*Exercise directions:*
Reproduce the material below line by line, beginning with its first line and ending with the line that contains "2025 아반떼 하이브리드"; leave out pictures.
--- Data Enclosed Below ---
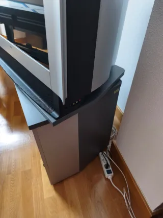 Vendo soporte para televisión con ruedas y base de cristal negro, ideal para mover tu TV cómodamente entre estancias (salón, dormitorio, oficina, aula, etc.). Diseño moderno, resistente y muy práctico. Características: ✔️ Base de cristal negro elegante y estable ✔️ Ruedas para fácil movilidad ✔️ Compatible con la mayoría de televisores ✔️ Estructura sólida y segura Perfecto para presentaciones, hogar u oficina. En muy buen estado y listo para usar.
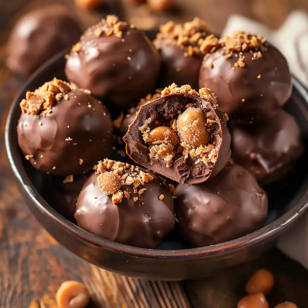These little chocolate-coated bites combine peanut butter, crushed Butterfinger candy bars, and powdered sugar for a treat that’s crunchy on the inside and smooth on the outside. The best part? No baking required. If you’re short on time but craving something sweet, this recipe will be your new go-to.
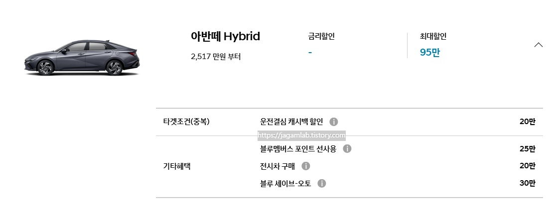 2025 아반떼 하이브리드 모델은 최대 95만 원의 할인 혜택을 받을 수 있습니다.
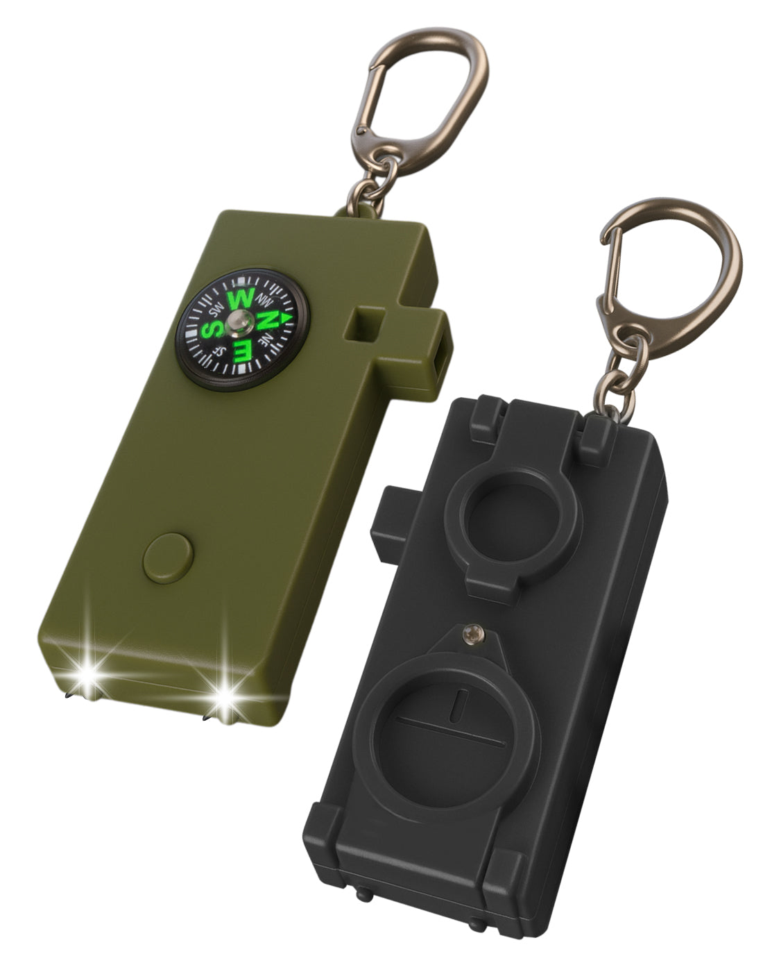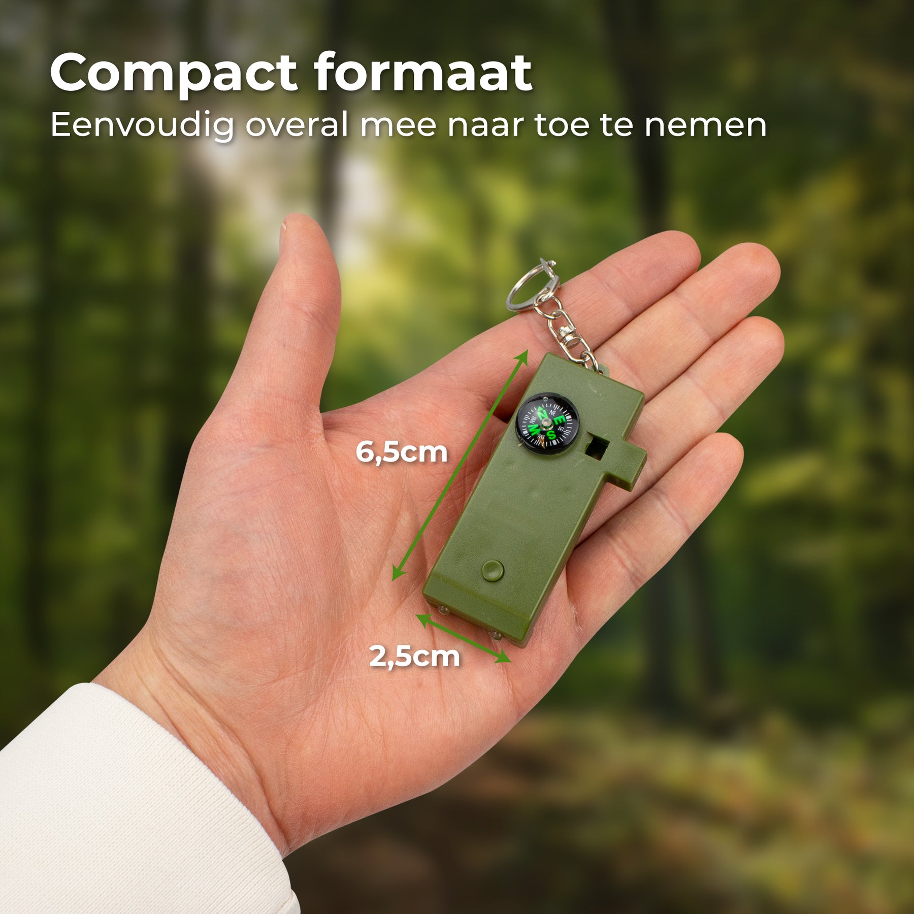 4 functies in één: noodfluit, zaklamp, kompas en brandglaasje;
--- End of Enclosed Data ---
*Problem solution:*
 Vendo soporte para televisión con ruedas y base de cristal negro, ideal para mover tu TV cómodamente entre estancias (salón, dormitorio, oficina, aula, etc.). Diseño moderno, resistente y muy práctico. Características: ✔️ Base de cristal negro elegante y estable ✔️ Ruedas para fácil movilidad ✔️ Compatible con la mayoría de televisores ✔️ Estructura sólida y segura Perfecto para presentaciones, hogar u oficina. En muy buen estado y listo para usar.
These little chocolate-coated bites combine peanut butter, crushed Butterfinger candy bars, and powdered sugar for a treat that’s crunchy on the inside and smooth on the outside. The best part? No baking required. If you’re short on time but craving something sweet, this recipe will be your new go-to.
 2025 아반떼 하이브리드 모델은 최대 95만 원의 할인 혜택을 받을 수 있습니다.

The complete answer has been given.